South Africa's Louis Oosthuizen closed with a stunning 52-foot eagle putt to grab a share of the lead with Canada's Mackenzie Hughes and American Russell Henley after Saturday's dramatic third round of the US Open.
Oosthuizen, the 2010 British Open champion, fired a one-under par 70 to stand on five-under 208 after 54 holes at Torrey Pines with Hughes, who fired a 68, and Henley, who saved par from a bunker at 18 to shoot 71.
Four-time major winner Rory McIlroy and defending champion Bryson DeChambeau shared fourth on 210, charging into contention to set the stage for an intense final round.

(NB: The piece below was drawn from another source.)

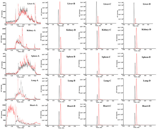 After intravenous administration, HCPT rapidly accumulated in the liver, followed by the kidneys, spleen, lungs and, to the least extent, the heart. The tissue distribution of HCPT and pharmacokinetic parameters are presented in Figure 2 and Table 4. Except for the kidneys, the AUC and MRT of HCPT in the liver, spleen, lungs and heart increased when HCPT was combined with JGGC, while CLz decreased significantly (p < 0.05, p < 0.01), indicating that JGGC enhanced the accumulation of HCPT.

"There are a lot of great players up there that have a chance of winning this," Oosthuizen said. "I just need to go out and play as good as I can.

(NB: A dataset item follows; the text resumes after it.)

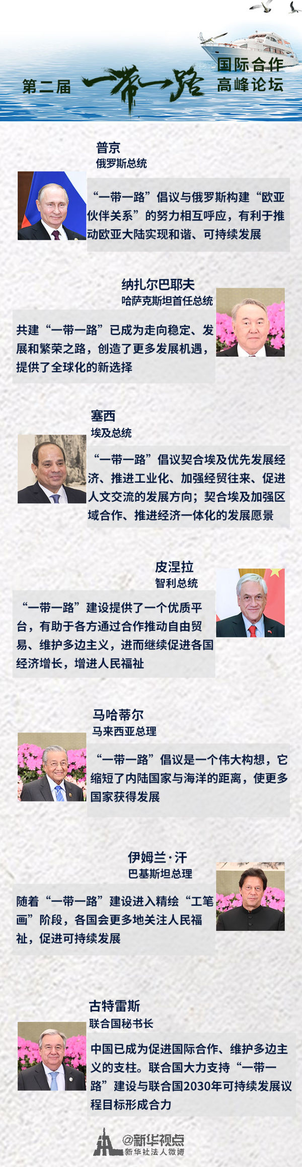 今天,來自世界各地的朋友再次聚首。習主席同各方來賓一起,登高望遠,攜手前行——

"You're going to have nerves. You're going to feel it. It's just about how you handle it."
After sinking a 30-foot birdie putt at the par-3 16th, Oosthuizen -- who has five major runner-up finishes since his win 11 years ago at St. Andrews -- made his incredible closer at the par-5 18th.
"I was talking too it to slow down a little bit," Oosthuizen said. "It was a good line and good speed."

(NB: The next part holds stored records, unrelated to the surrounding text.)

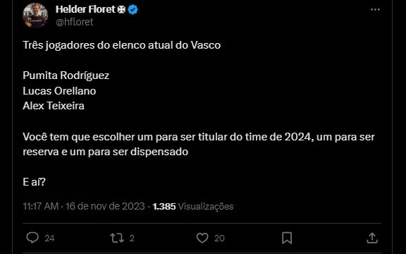 Vale lembrar que a família Díaz chegou ao Vasco da Gama para suceder o duvidoso trabalho do técnico Maurício Barbieri e encontrou muitos atletas aprovados pela comissão anterior.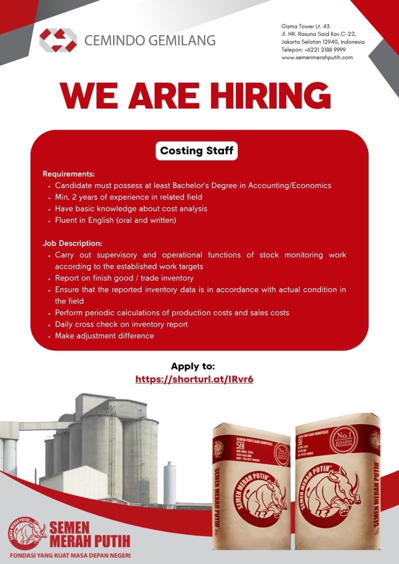 PT Cemindo Gemilang Tbk (Semen Merah Putih) is currently looking for “Costing Staff” role to join our team.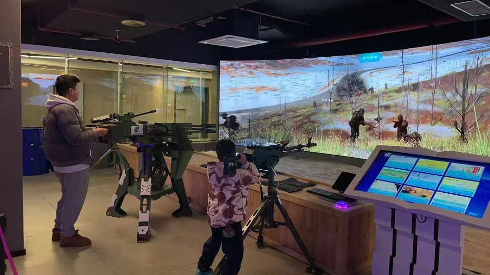 穿梭在数字国防军事体验中心,人们不仅可以通过数字化手段穿越时空与英烈对话,还可以尽情体验模拟射击、战术对抗等军事类活动,感受逼真的射击场景与攻防对抗,享受现代化武器装备的“盛宴”。

On a day of electric shotmaking, Hughes sank a 63-foot eagle putt at the par-5 13th and blasted out of a bunker to five feet to set up a birdie at 18.
Hughes, who missed the cut in his past five PGA events and six of his eight prior major starts, won his only US PGA title in 2016 at Sea Island.
"I know I'm going to be nervous tomorrow," Hughes said. "I'm going to try and enjoy it lots and embrace the moment."
A crowd limited to about 8,000 people by Covid-19 safety measures roared when Hughes knocked in his eagle.
"I loved it," he said. "The charge when it goes in the hole and the crowd erupts is why we play. It gives me goosebumps just thinking about it."
Journeyman Henley blasted in a 22-yard bunker shot for birdie at the par-3 11th and saved par from a bunker at 18 to share the lead.
"Tied for the lead going into the last day of a major, you never know," Henley said. "I'm excited. You always wonder what it would feel like to be in contention."
World number 11 McIlroy, who hasn't won a major title since the 2014 PGA Championship, shot 67.
McIlroy birdied three of the first four holes on the back nine, including a spectacular 32-yard chip-in birdie at the 12th.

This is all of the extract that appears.